**Source data**
+ + + + +

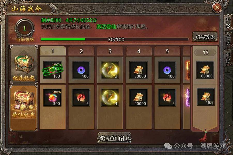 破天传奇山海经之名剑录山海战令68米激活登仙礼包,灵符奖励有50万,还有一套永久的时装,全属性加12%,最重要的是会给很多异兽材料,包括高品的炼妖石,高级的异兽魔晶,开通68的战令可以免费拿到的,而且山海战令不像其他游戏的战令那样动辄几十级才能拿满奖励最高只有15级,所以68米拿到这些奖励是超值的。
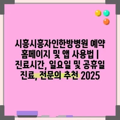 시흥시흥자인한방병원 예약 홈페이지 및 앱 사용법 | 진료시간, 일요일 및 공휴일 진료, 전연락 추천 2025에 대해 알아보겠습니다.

+ + + + +

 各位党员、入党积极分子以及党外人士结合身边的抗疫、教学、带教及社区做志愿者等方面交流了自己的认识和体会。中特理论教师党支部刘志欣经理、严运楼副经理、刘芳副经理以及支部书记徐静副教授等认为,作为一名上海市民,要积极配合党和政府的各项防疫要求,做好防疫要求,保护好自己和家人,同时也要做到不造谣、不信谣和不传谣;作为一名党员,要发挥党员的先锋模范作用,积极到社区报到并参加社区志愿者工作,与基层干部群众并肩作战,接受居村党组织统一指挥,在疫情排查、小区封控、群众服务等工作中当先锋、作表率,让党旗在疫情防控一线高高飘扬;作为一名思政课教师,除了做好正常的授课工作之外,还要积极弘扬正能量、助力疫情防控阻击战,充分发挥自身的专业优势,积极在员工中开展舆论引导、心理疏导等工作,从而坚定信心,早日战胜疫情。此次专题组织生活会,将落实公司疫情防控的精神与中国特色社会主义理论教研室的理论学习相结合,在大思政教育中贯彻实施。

+ + + + +

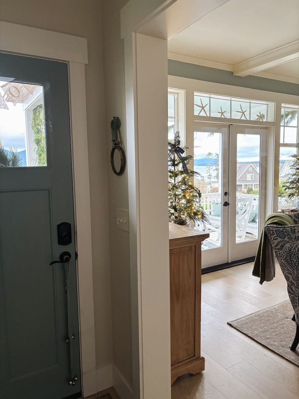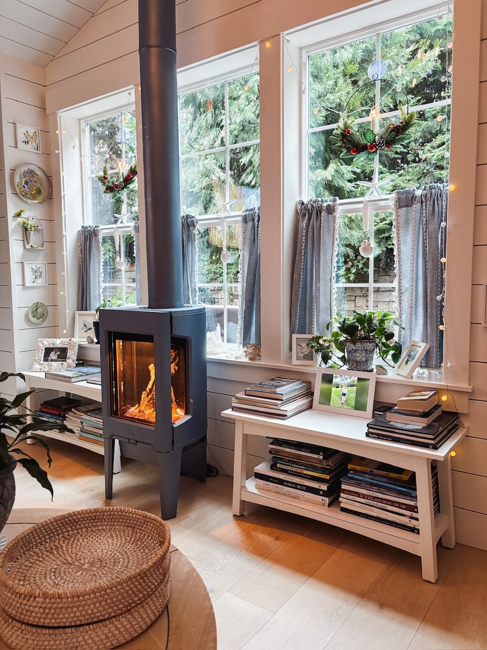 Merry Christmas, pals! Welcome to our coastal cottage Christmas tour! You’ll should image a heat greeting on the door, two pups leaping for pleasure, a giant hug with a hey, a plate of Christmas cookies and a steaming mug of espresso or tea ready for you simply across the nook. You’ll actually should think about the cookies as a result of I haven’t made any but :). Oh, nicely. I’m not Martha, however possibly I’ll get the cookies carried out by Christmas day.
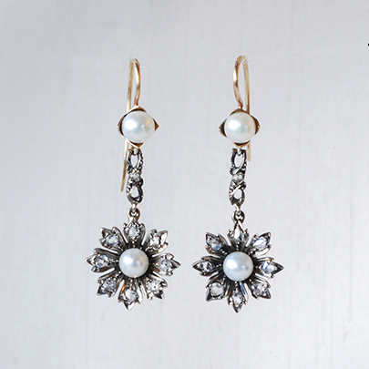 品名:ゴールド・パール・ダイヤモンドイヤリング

+ + + + +

**Work to be completed**
Restate the lines above from the one containing "Merry Christmas, pals!" through the one containing "品名:ゴールド・パール・ダイヤモンドイヤリング", inclusive, exactly and without pictures.

**Solution to this exercise**
 Merry Christmas, pals! Welcome to our coastal cottage Christmas tour! You’ll should image a heat greeting on the door, two pups leaping for pleasure, a giant hug with a hey, a plate of Christmas cookies and a steaming mug of espresso or tea ready for you simply across the nook. You’ll actually should think about the cookies as a result of I haven’t made any but :). Oh, nicely. I’m not Martha, however possibly I’ll get the cookies carried out by Christmas day.
 品名:ゴールド・パール・ダイヤモンドイヤリング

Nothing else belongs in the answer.